American historian, journalist, and politician (1906–1985)

Holmes Moss Alexander (January 29, 1906 – December 5, 1985) was an American journalist, syndicated columnist, and politician, originally from Parkersburg, West Virginia.

== Early life and education ==
The son of Charles Butler Alexander, an insurance official, and Margaret (née Moss), Alexander was educated at Princeton (B.A. 1928) and Trinity College, Cambridge (1928–9). He worked as an English teacher and wrestling coach in Maryland until 1931.

== Career ==
From 1931 to 1935, Alexander was a member of the all-Democratic delegation from Baltimore County to the Maryland House of Delegates.

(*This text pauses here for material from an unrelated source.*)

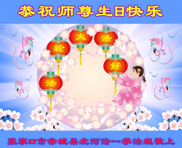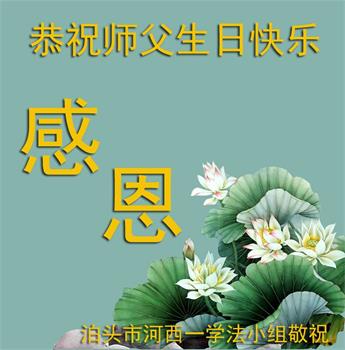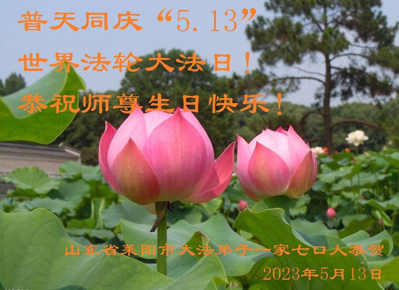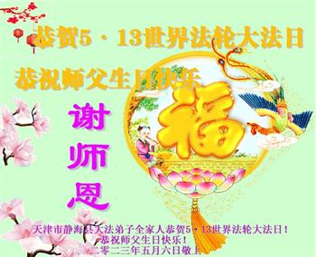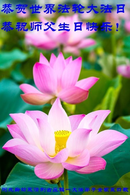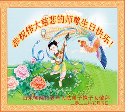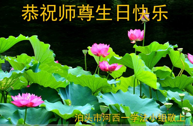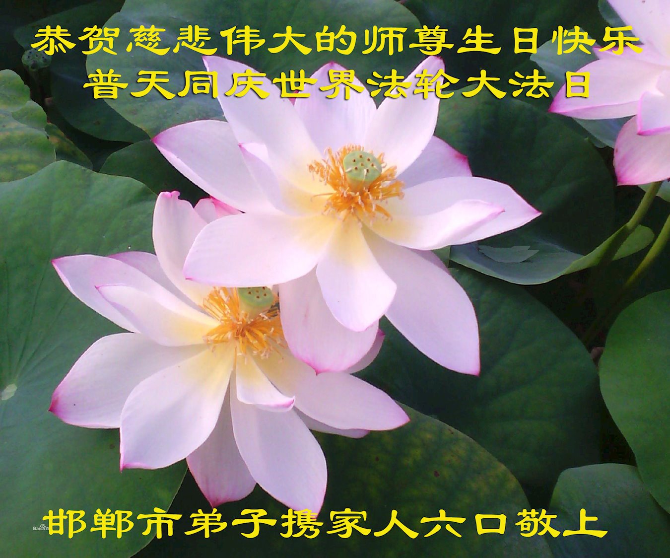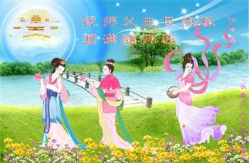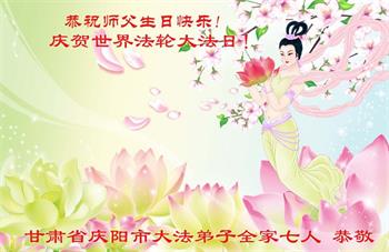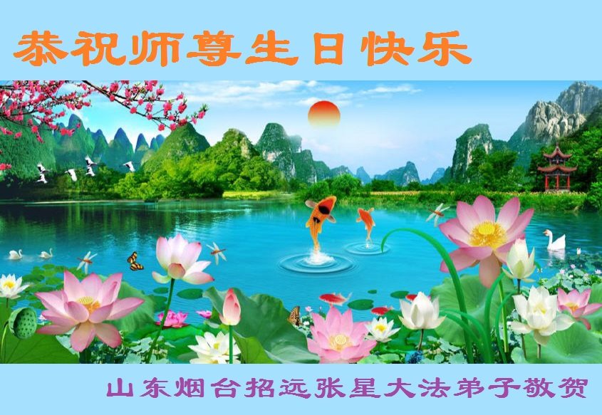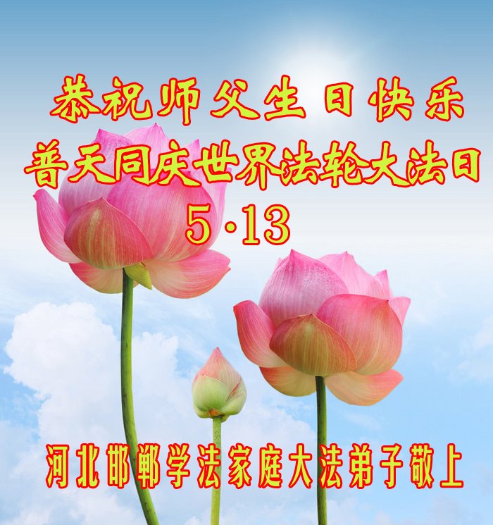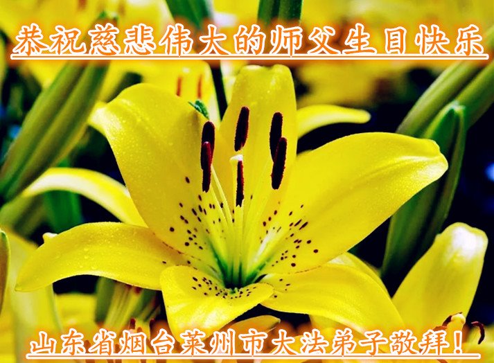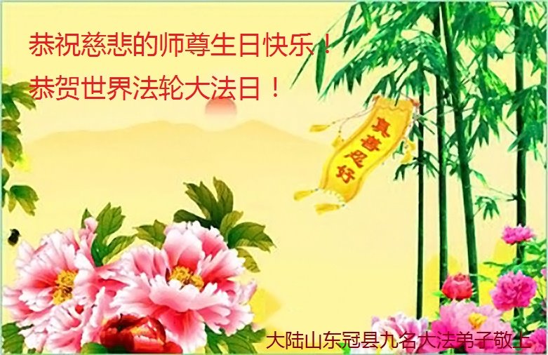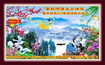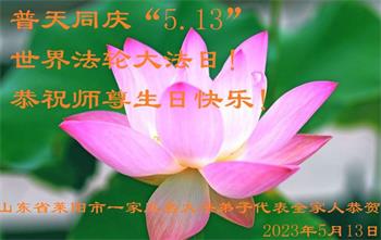 感谢李大师一直在看护着我们全家及所有的世人!使我们全家平安的度过了这乱世的年头。在此我作为一名大法弟子家属衷心的恭祝李大师生日快乐!

Typical of Alexander's newspaper columns was one that he wrote on Democratic Governor George Wallace of Alabama, who when term-limited in 1966 ran his wife, Lurleen Burns Wallace, as a surrogate gubernatorial candidate, against Republican U.S. Representative James D. Martin. Known for his opposition to school desegregation, Wallace procured passage of a series of state laws promptly struck down by federal courts, which required the implementation of Brown v. Board of Education. Alexander writes: "Though Wallace has lost every fight with Washington, Alabamians are convinced he has come off the winner."

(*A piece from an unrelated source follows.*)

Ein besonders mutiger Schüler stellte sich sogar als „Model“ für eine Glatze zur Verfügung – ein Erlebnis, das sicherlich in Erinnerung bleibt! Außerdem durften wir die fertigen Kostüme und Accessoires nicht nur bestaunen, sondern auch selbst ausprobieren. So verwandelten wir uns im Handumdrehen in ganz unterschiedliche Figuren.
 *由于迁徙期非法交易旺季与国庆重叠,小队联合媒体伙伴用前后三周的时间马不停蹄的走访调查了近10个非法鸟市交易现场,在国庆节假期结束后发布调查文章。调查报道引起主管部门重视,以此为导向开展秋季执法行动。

Alexander's books include The American Talleyrand: Martin Van Buren (1935), Aaron Burr: The Proud Pretender (1937), American Nabob (1939), and Selena: A Romantic Novel (1941). Other Alexander works include Pen and Politics: The Autobiography of a Working Writer, How to Read The Federalist, To Covet Honor: A Biography of Alexander Hamilton, The Spirit of '76, Washington and Lee: A Study in Will to Win, Seattle: Growth of the City, Tokyo: Growth of the City, Hong Kong: Growth of the City, Beijing: Growth of the City, Shanghai: Growth of the City, and Vancouver, British Columbia: The Growth of the City/State. His last publication, Never Lose a War: Memoirs and Observations of a National Columnist, was released in 1984, the year before his death.

== Personal life ==
Alexander's maternal uncle, Hunter Holmes Moss, Jr., was a circuit judge and then a Republican member of the United States House of Representatives from West Virginia from 1913 until his death in 1916.

Alexander was married to the former Mary Morgan Barksdale; they had two sons and a daughter.

Alexander died on December 5, 1985, from a heart ailment.